**** Records shown

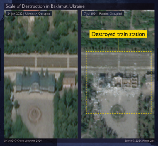 Розвідка оприлюднила супутникові зображення, на яких зафіксовані серйозні руйнування, включаючи стадіон, школу і залізничний вокзал в Бахмуті.
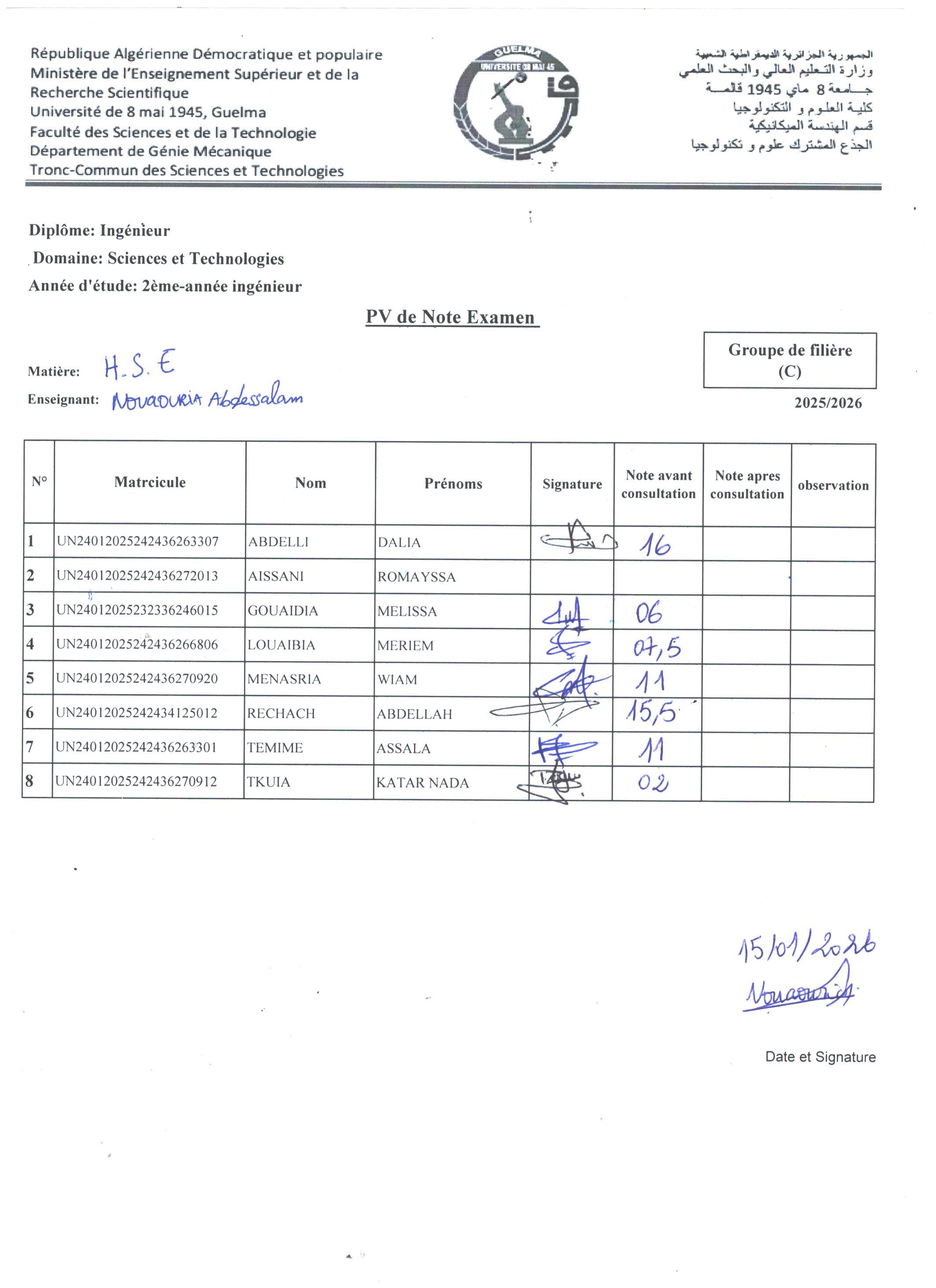 Consultation des copies d'examen H S E pour GP Ingénieur le Dimanche 18 janvier à: 11H00 Salle: E6.?
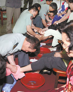 台陆军六军团在军中推动孝道,希望官兵透过为母亲洗脚体验母亲的辛劳。图为六军团官兵为当选模范母亲跪地洗脚的场景,其中六军团政战主任曾有福少将(左)穿军服下跪为母洗脚。
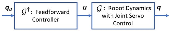 Consider an n-dof robot arm under closed-loop joint servo control with input , typically either the joint velocity command or the joint position command , and the output , the measured joint position. The inner-loop dynamics, , is a sampled-data nonlinear dynamical system possibly with communication transport delay and quantization effects. Our goal is to find a feedforward compensator (as shown in Figure 2) such that, for a given desired joint trajectory , the feedforward control would result in asymptotic tracking: , as .
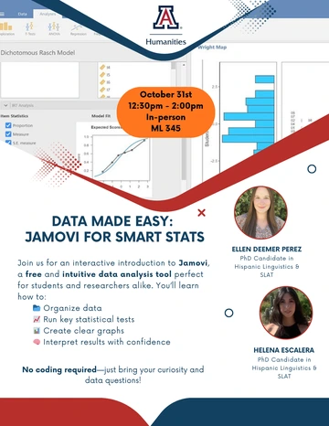 Description: This introductory workshop will walk participants through the basics of Jamovi, a user-friendly statistical software ideal for students and researchers in the Humanities and beyond. Attendees will learn how to organize data, run key statistical tests, and interpret results with confidence.
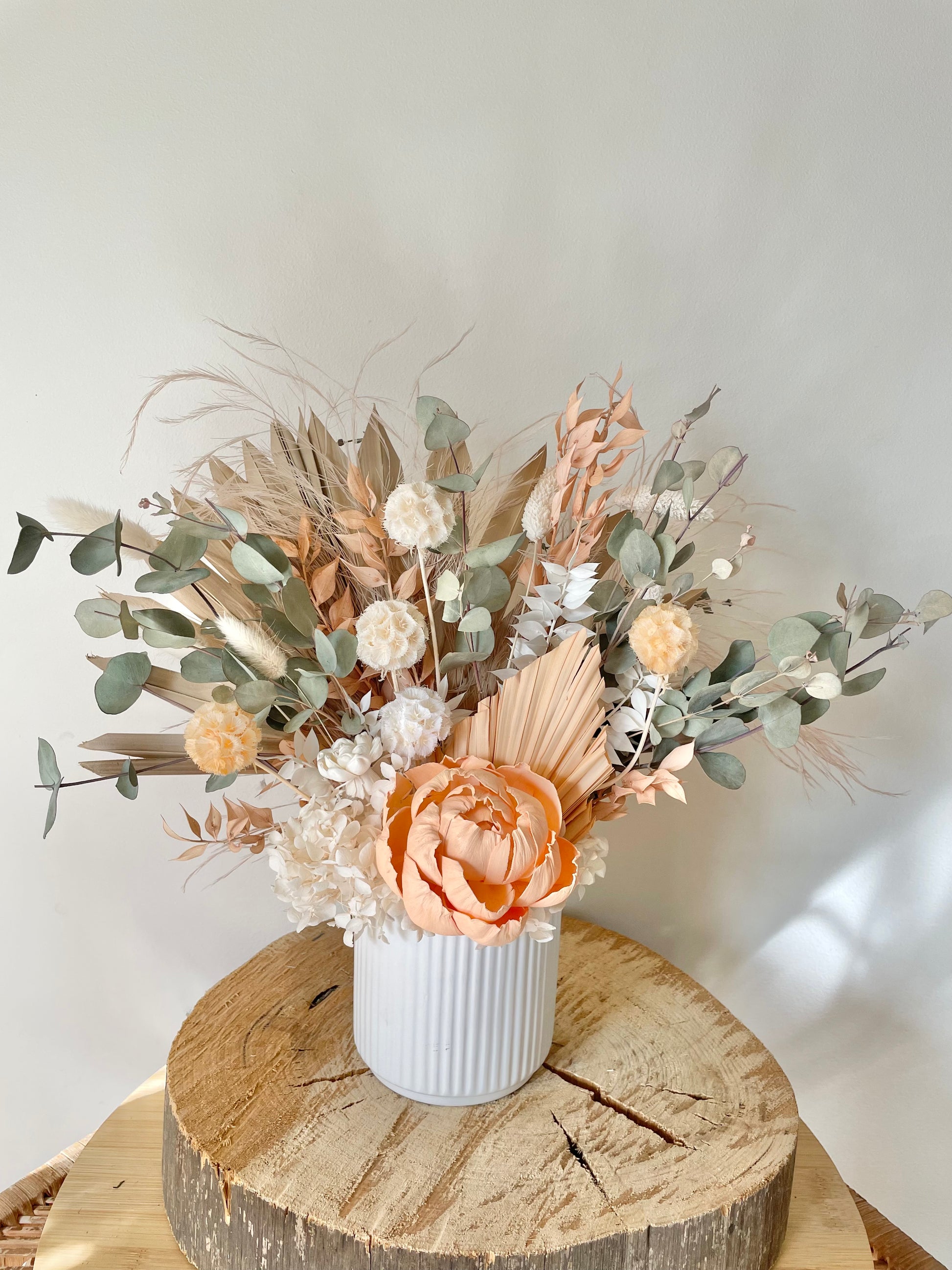 A mix of beautiful dried, preserved & sola flowers and foliages all arranged in a white ceramic pot with vertical lines.
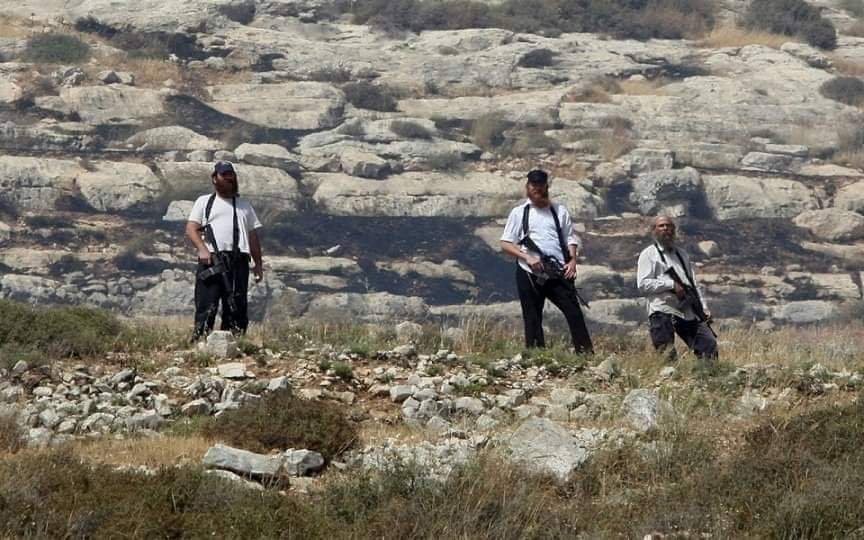 نابلس: جرفت آليات تابعة للمستوطنين، اليوم الاربعاء، أراضي في قرية بورين جنوب نابلس.
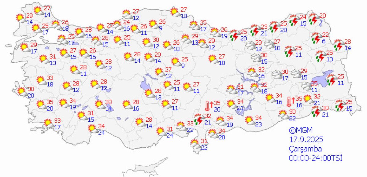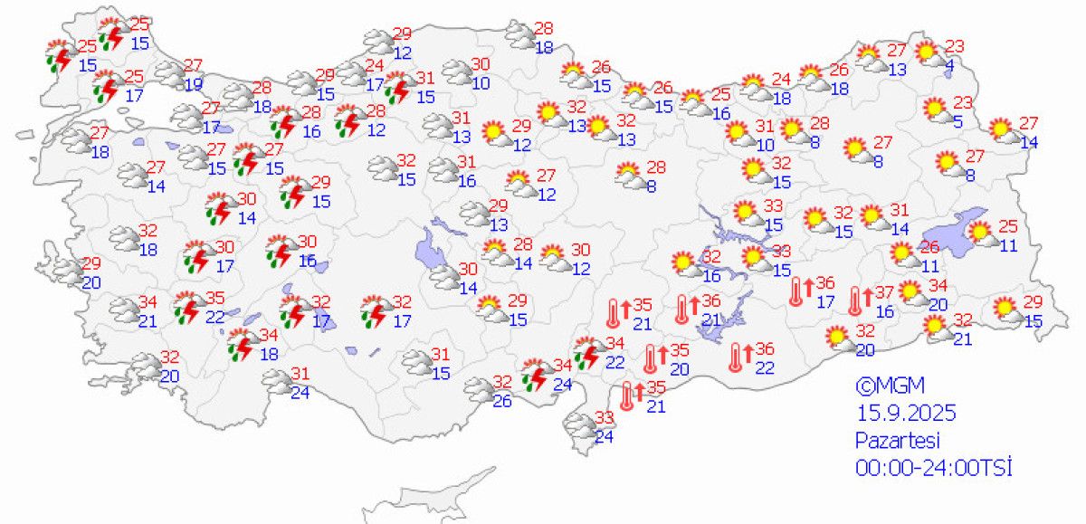 Salı Trakya ve doğu Marmara'da (Kırklareli kıyıları) sağanaklar devam ederken, hava parçalı az bulutlu; Ege ve Akdeniz'de 25-32 derece, Doğu Anadolu'da 18-26 derece gibi serin değerler öngörülüyor.
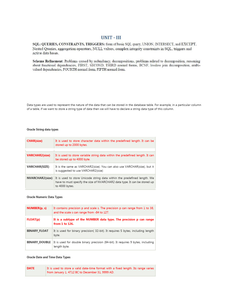 Oracle Data Types
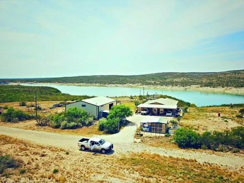 This Lakefront 3 bedrooms, 2 bath custom-built, the sustainable home sits on the Diablo Peninsula at Lake Amistad with a large covered porch and a stargazing deck that overlooks Sleeping Woman Mountain to the south and is very near the famous Curly Tail panther cave painting to the right which is one of the rarest Indian art in the world and only known to this Trans Pecos Art area. The insulated barn has 1 huge air-conditioned room and tons of storage and lake views upstairs, It has a recently updated bath downstairs, a large shop sink and counter, an amazing reloading/saferoom, tool rooms, storage galore, boat parking, workbenches, roll-up doors, and a large awning with concrete floor. The home and the barn have water catchment systems and a complete solar system connected to the grid in order to make this property completely self-sustaining in case of a power outage but able to sell power back to the grid. The improvements sit on approximately 2 acres and the property is just 7 minutes from Rough Canyon Marina and Hooker's store. The kitchen and living room have vaulted ceilings with an open concept and beautiful stained concrete floors and rare granite countertops. The laundry room is large and roomy with a sink and granite countertop and the bedrooms are very large. From every window in the home and barn are incredible views of the beautiful water and massive canyons. This property is perfect for your forever home or vacation home. Lake Amistad is known for its Trophy fishing and clear deep waters. Please contact Michelle Rushing, Broker 325-234-3077
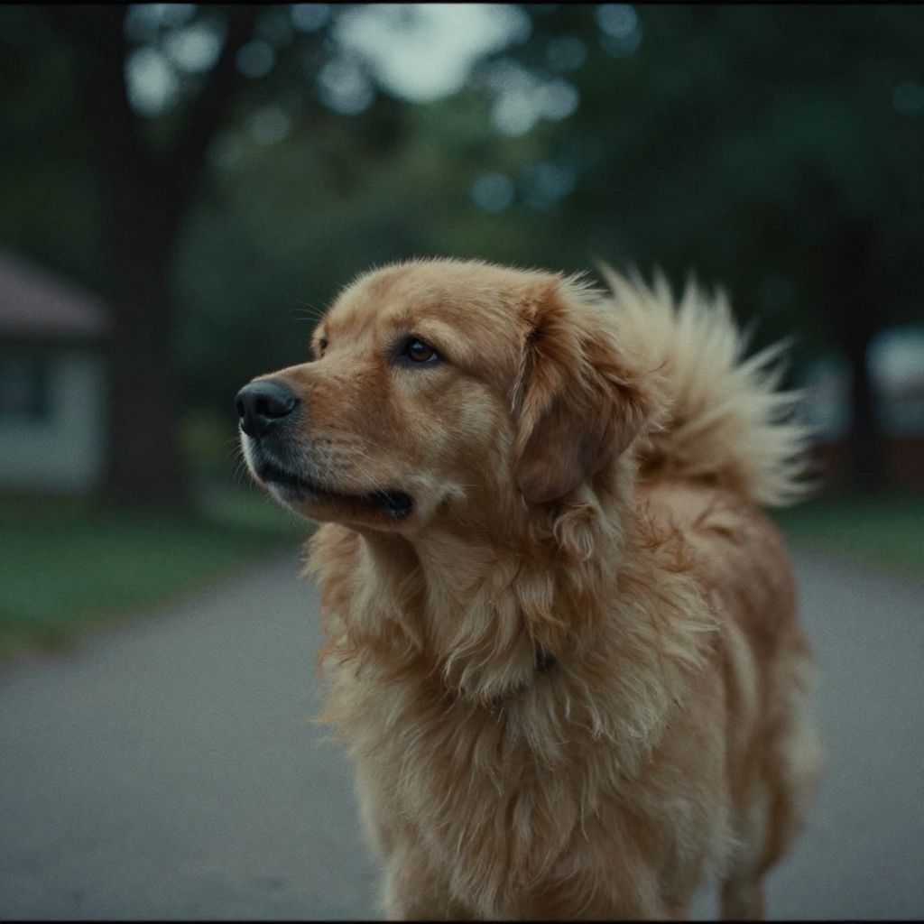 Cinematic film still (dog), cute, dog tail, vignette, highly detailed, high budget, bokeh, cinemascope, moody, epic, gorgeous, film grain, grainy
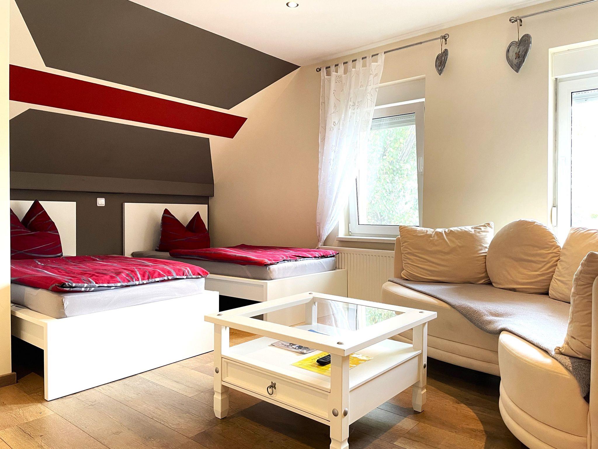Ankommen, wohlfühlen, entspannen: Unsere Unterkunft bietet auf zwei Etagen drei liebevoll eingerichtete Gästezimmer, jedes mit eigenem Bad für Ihre Privatsphäre. Im Erdgeschoss befindet sich eine Gemeinschaftsküche, die Raum für Begegnungen bietet und sich ideal zum Kochen oder für einen Plausch mit anderen Gästen eignet. Zwei Kühlschränke in der Unterkunft sorgen dafür, dass alle ausreichend Platz für ihre Vorräte haben. Zusätzlich steht Ihnen hier auch eine Waschmaschine zur Verfügung praktisch für längere Aufenthalte.

********

## About this task:
The data above must be given again in full and unaltered, minus its images.

## Exercise result:
 Розвідка оприлюднила супутникові зображення, на яких зафіксовані серйозні руйнування, включаючи стадіон, школу і залізничний вокзал в Бахмуті.
 Consultation des copies d'examen H S E pour GP Ingénieur le Dimanche 18 janvier à: 11H00 Salle: E6.?
 台陆军六军团在军中推动孝道,希望官兵透过为母亲洗脚体验母亲的辛劳。图为六军团官兵为当选模范母亲跪地洗脚的场景,其中六军团政战主任曾有福少将(左)穿军服下跪为母洗脚。
 Consider an n-dof robot arm under closed-loop joint servo control with input , typically either the joint velocity command or the joint position command , and the output , the measured joint position. The inner-loop dynamics, , is a sampled-data nonlinear dynamical system possibly with communication transport delay and quantization effects. Our goal is to find a feedforward compensator (as shown in Figure 2) such that, for a given desired joint trajectory , the feedforward control would result in asymptotic tracking: , as .
 Description: This introductory workshop will walk participants through the basics of Jamovi, a user-friendly statistical software ideal for students and researchers in the Humanities and beyond. Attendees will learn how to organize data, run key statistical tests, and interpret results with confidence.
 A mix of beautiful dried, preserved & sola flowers and foliages all arranged in a white ceramic pot with vertical lines.
 نابلس: جرفت آليات تابعة للمستوطنين، اليوم الاربعاء، أراضي في قرية بورين جنوب نابلس.
 Salı Trakya ve doğu Marmara'da (Kırklareli kıyıları) sağanaklar devam ederken, hava parçalı az bulutlu; Ege ve Akdeniz'de 25-32 derece, Doğu Anadolu'da 18-26 derece gibi serin değerler öngörülüyor.
 Oracle Data Types
 This Lakefront 3 bedrooms, 2 bath custom-built, the sustainable home sits on the Diablo Peninsula at Lake Amistad with a large covered porch and a stargazing deck that overlooks Sleeping Woman Mountain to the south and is very near the famous Curly Tail panther cave painting to the right which is one of the rarest Indian art in the world and only known to this Trans Pecos Art area. The insulated barn has 1 huge air-conditioned room and tons of storage and lake views upstairs, It has a recently updated bath downstairs, a large shop sink and counter, an amazing reloading/saferoom, tool rooms, storage galore, boat parking, workbenches, roll-up doors, and a large awning with concrete floor. The home and the barn have water catchment systems and a complete solar system connected to the grid in order to make this property completely self-sustaining in case of a power outage but able to sell power back to the grid. The improvements sit on approximately 2 acres and the property is just 7 minutes from Rough Canyon Marina and Hooker's store. The kitchen and living room have vaulted ceilings with an open concept and beautiful stained concrete floors and rare granite countertops. The laundry room is large and roomy with a sink and granite countertop and the bedrooms are very large. From every window in the home and barn are incredible views of the beautiful water and massive canyons. This property is perfect for your forever home or vacation home. Lake Amistad is known for its Trophy fishing and clear deep waters. Please contact Michelle Rushing, Broker 325-234-3077
 Cinematic film still (dog), cute, dog tail, vignette, highly detailed, high budget, bokeh, cinemascope, moody, epic, gorgeous, film grain, grainy
Ankommen, wohlfühlen, entspannen: Unsere Unterkunft bietet auf zwei Etagen drei liebevoll eingerichtete Gästezimmer, jedes mit eigenem Bad für Ihre Privatsphäre. Im Erdgeschoss befindet sich eine Gemeinschaftsküche, die Raum für Begegnungen bietet und sich ideal zum Kochen oder für einen Plausch mit anderen Gästen eignet. Zwei Kühlschränke in der Unterkunft sorgen dafür, dass alle ausreichend Platz für ihre Vorräte haben. Zusätzlich steht Ihnen hier auch eine Waschmaschine zur Verfügung praktisch für längere Aufenthalte.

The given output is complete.